Best Affirms Endurance Ratings

May 3, 2005

A.M. Best Co. announced that it has affirmed the financial strength rating of “A” (Excellent) and the issuer credit ratings of “a” of Bermuda-based Endurance Specialty Insurance Ltd. and its operating affiliates.

Best also assigned an issuer credit rating of “bbb” to Endurance Specialty Holdings, Ltd. and affirmed the senior debt rating of “bbb” on $250 million 7.0 percent unsecured notes due 2034, as well as all debt securities filed under a $500 million universal shelf registration.

All of the ratings have a stable outlook.

“The ratings reflect Endurance’s excellent operating results, which stem from the development of a strong broker distribution network, successful implementation of underwriting and risk management controls and selective acquisitions,” said Best. “The geographically diversified book of business, which includes both short- and long-tail lines, is fully supported by the company’s excellent level of risk-based capitalization. Lines of business include property per risk, property catastrophe reinsurance, casualty treaty reinsurance, casualty individual risks and specialty lines.”

Best noted: “Endurance produced a combined ratio of 86 percent in 2004 despite recording approximately $170 million in gross catastrophe losses, while shareholders’ equity grew to $1.9 billion at December 31, 2004. Since inception, the company has used selective acquisitions to expand its existing book of business. In prior years, Endurance acquired the renewal rights to LaSalle Re Limited’s property catastrophe business and selected portions of The Hartford Fire Insurance Company’s reinsurance business. In 2004, Endurance acquired the renewal right to XL Re Ltd.’s surety book and hired Converium Reinsurance (NA) Inc.’s agribusiness underwriting team. Each acquisition has been complementary to Endurance’s profile and did not include the addition of any historical liabilities.”

The rating agency indicated, however, that “the company’s short operating history in relation to its casualty business” is an offsetting factor. “Due to the long-tail nature of these lines, the consistency and sustainability of Endurance’s casualty segment’s operating performance has yet to be proven.

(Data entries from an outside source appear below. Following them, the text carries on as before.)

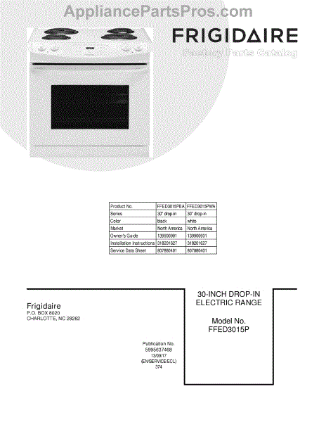 Parts for Frigidaire FFED3015PBA: 01 - Cover Parts
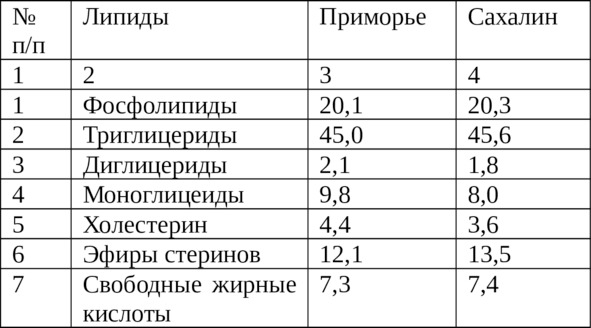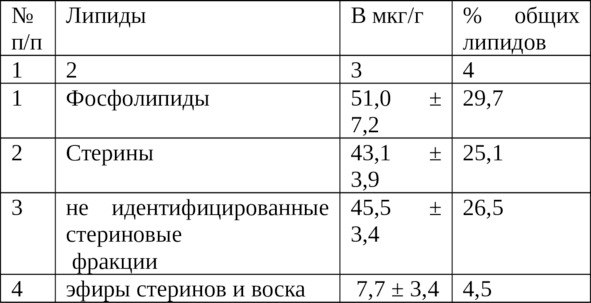Из таблицы видно, что липиды кукумарии японской на 45% представлены триглицеридами, т.е. наиболее полноценной частью липидов, и не содержат труднорастворимых восков и высокомолекулярных спиртов.
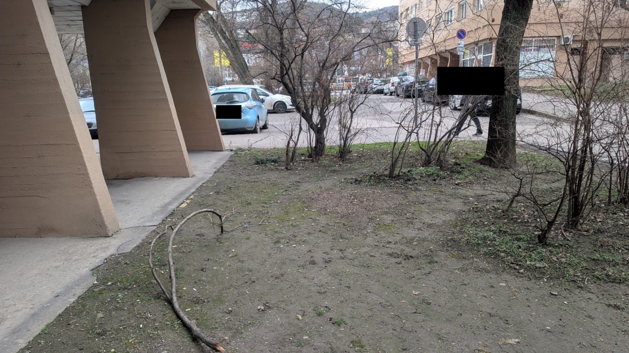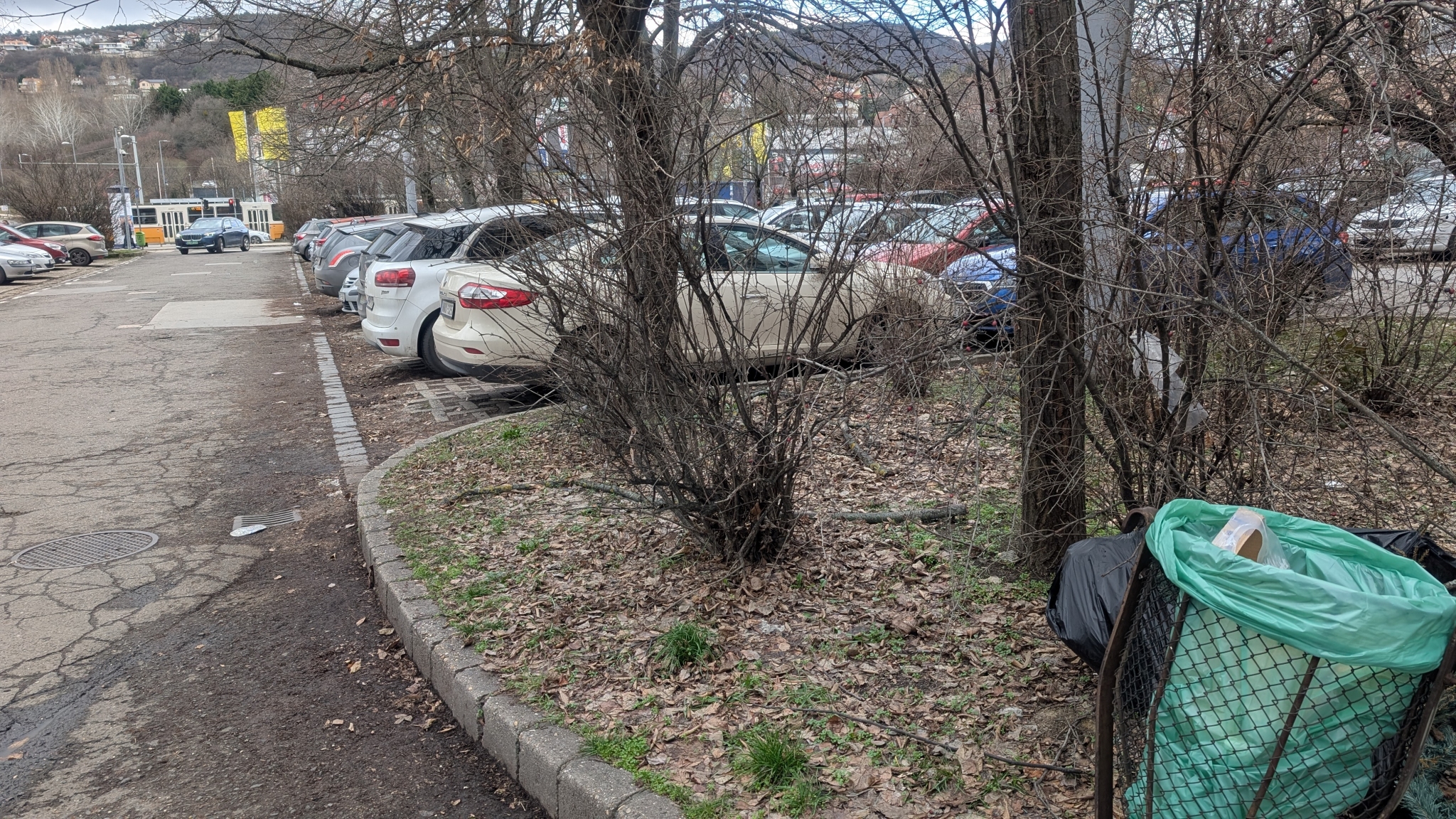 Letört faágak a parkolóban

“Furthermore, market pressure on pricing could dampen expected returns along with exposure to low frequency, high severity property catastrophe losses,” Best continued. It said, however, that despite these concerns, it “expects Endurance to manage its capital base very conservatively within acceptable ranges to support its current ratings and meet the more stringent capital requirements for a recently established Bermuda entity.”